◆ **Available data**:
---*---
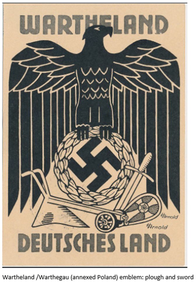 The regime was grooming these 15-year-olds to be elite farming families and communities for Germany’s eastern borders at war’s end. The vision called for a genetically healthy German peasant stock in fortified agricultural villages along Warthegau’s border. Accordingly, Warthegau’s emblem was the plough and sword, Mennonite resettlement in Warthegau, and perhaps later again back to Ukraine, was to help fulfill this plan. “This future, too, can only be a soldierly future. … Only a soldierly generation proud of its military will know how to preserve the heritage of the victory. When these young people will one day live as soldier-farmers (Wehrbauern) in the German East on their own land, we will no longer have to worry about our German future” (note 8). The Wehrbauer ideal—a plough in one hand and the sharpened sword in the other (note 9)—was introduced in HJ and in the Landjahr programs in Warthegau.
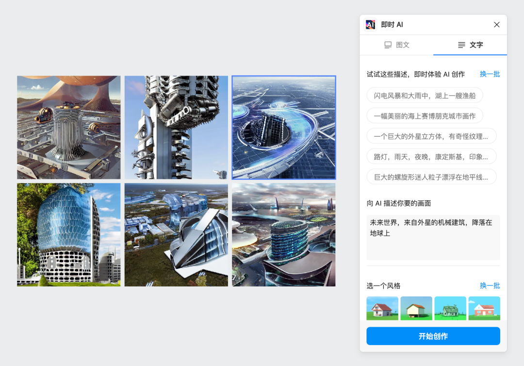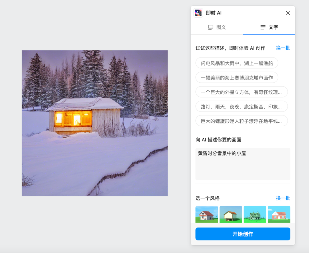 「即时设计」有上百个插件,诸如:图片滤镜、图像效果编辑器、智能抠图、AI 擦图等插件,可以在 AI 绘画的基础上,进行更进一步的图片创作。比起其他的 AI 绘图,即时 AI 简单到只需要 3 步就能绘图。第一步:打开即时设计(https://js.design),登录或注册新账号;第三步:使用图文生成 AI 绘画或者选择文字描述生成 AI 绘画![]()
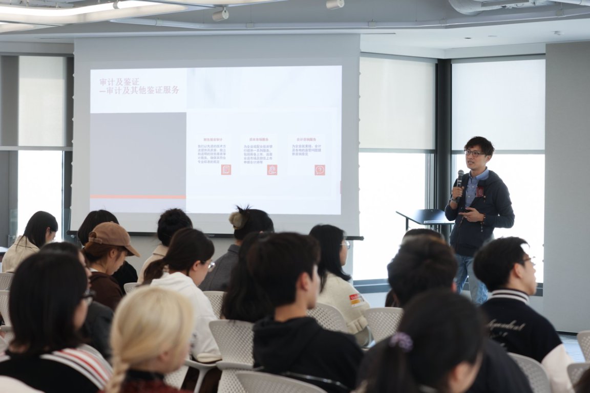 其中,普华永道华中地区校园招聘负责人Rebecca Chen向大家系统介绍了公司的主要业务方向,包括审计与鉴证服务、风险控制、税务咨询与管理咨询等。通过分享与电商运营、新能源汽车、跨境交易等客户的真实合作案例,Rebecca展示了企业如何为不同行业客户提供量身定制的专业解决方案,帮助客户在数字化转型、全球化运营背景下中提升竞争力。同学们也进一步理解了企业服务的广度与深度,对专业知识的实际应用场景有了更加直观的感受。
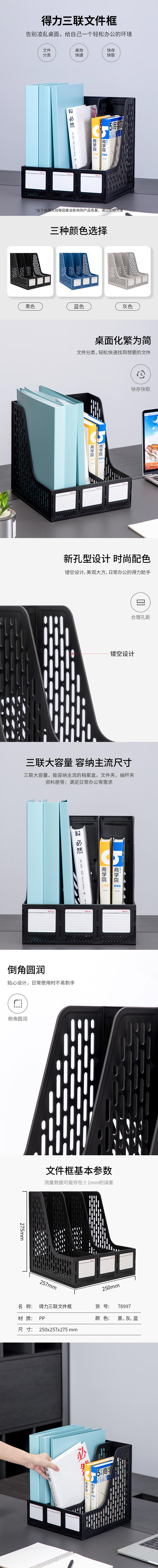 得力78997文件框(黑色)(只)文件欄/文件筐/資料框
---*---
◆ **Goal of the exercise**: A word-for-word copy of the lines from the one with "绘画或者选择文字描述生成 AI 绘画![]()" through the final line of the listing above is the whole answer, and it contains no pictures.

◆ **Answer to the exercise**:
 「即时设计」有上百个插件,诸如:图片滤镜、图像效果编辑器、智能抠图、AI 擦图等插件,可以在 AI 绘画的基础上,进行更进一步的图片创作。比起其他的 AI 绘图,即时 AI 简单到只需要 3 步就能绘图。第一步:打开即时设计(https://js.design),登录或注册新账号;第三步:使用图文生成 AI 绘画或者选择文字描述生成 AI 绘画![]()
 其中,普华永道华中地区校园招聘负责人Rebecca Chen向大家系统介绍了公司的主要业务方向,包括审计与鉴证服务、风险控制、税务咨询与管理咨询等。通过分享与电商运营、新能源汽车、跨境交易等客户的真实合作案例,Rebecca展示了企业如何为不同行业客户提供量身定制的专业解决方案,帮助客户在数字化转型、全球化运营背景下中提升竞争力。同学们也进一步理解了企业服务的广度与深度,对专业知识的实际应用场景有了更加直观的感受。
 得力78997文件框(黑色)(只)文件欄/文件筐/資料框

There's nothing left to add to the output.